Optimal Non-Adaptive Tolerant Junta Testing via Local Estimators
Shivam Nadimpalli, Shyamal Patel
TL;DR
The paper addresses the problem of tolerant, non-adaptive testing of k-juntas by designing a distance-estimator that distinguishes between functions ε1-close to a k-junta and ε2-far from any k-junta with high probability. Its key approach uses locally computable estimators of the mean absolute value |E[f]| based on small-radius Hamming balls, combined with flat polynomials and a hold-out noise operator to enable smoothing without adaptivity. The authors prove a tight upper bound of 2^{~O(√k log(1/(ε2−ε1)))} queries for the non-adaptive tolerant tester and complement it with a matching lower bound, establishing the first tight results for a natural tolerant Boolean-function property.

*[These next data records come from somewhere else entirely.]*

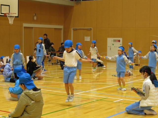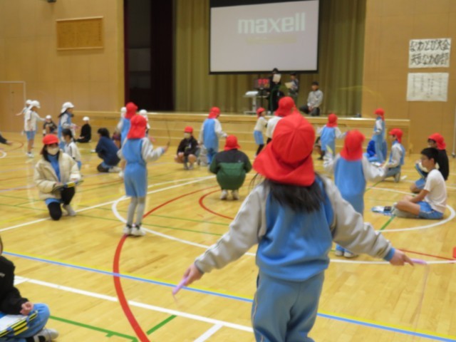 なわとび大会が行われました。子供たちは、駆け足跳び・前跳び・あや跳び・二重跳びから自分が選んだ種目で一生懸命取り組んでいました。
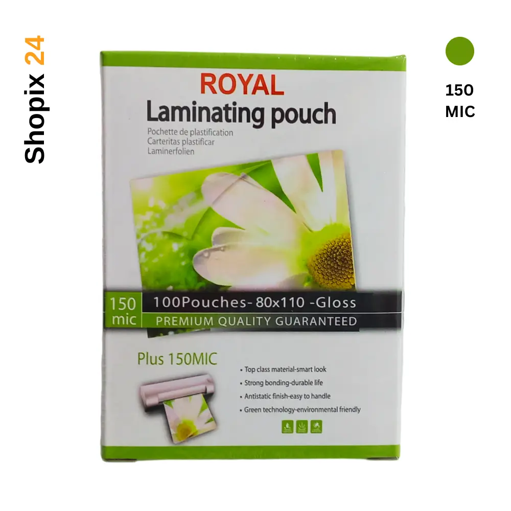 استفاده از طلق لمینت رویال در دستگاه‌های پرس کارت بسیار آسان بوده و به‌دلیل ضخامت استاندارد 150 میکرون، نتیجه‌ای کاملاً حرفه‌ای و یکدست ارائه می‌دهد. این محصول برای استفاده در ادارات، سازمان‌ها، مدارس، بانک‌ها و مراکز چاپ و تبلیغات بسیار کاربردی است.
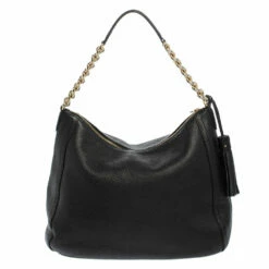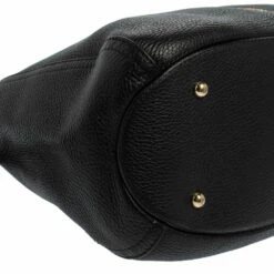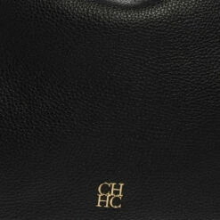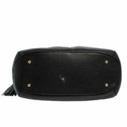 Designed from versatile black leather, this Carolina Herrera bag will go with all your ensembles. It features a pebbled leather body secured with top zipper closure and held by a single shoulder strap. It comes equipped with a fabric interior, protective metal feet, brand logo on the front, and tassel detailing.

The work also introduces a broadly applicable local-estimation framework, with potential implications for approximation theory and pseudorandomness in boolean function analysis.
Abstract
We give a non-adaptive algorithm that makes $2^{\tilde{O}(\sqrt{k\log(1/\varepsilon_2 - \varepsilon_1)})}$ queries to a Boolean function $f:\{\pm 1\}^n \rightarrow \{\pm 1\}$ and distinguishes between $f$ being $\varepsilon_1$-close to some $k$-junta versus $\varepsilon_2$-far from every $k$-junta. At the heart of our algorithm is a local mean estimation procedure for Boolean functions that may be of independent interest. We complement our upper bound with a matching lower bound, improving a recent lower bound obtained by Chen et al. We thus obtain the first tight bounds for a natural property of Boolean functions in the tolerant testing model.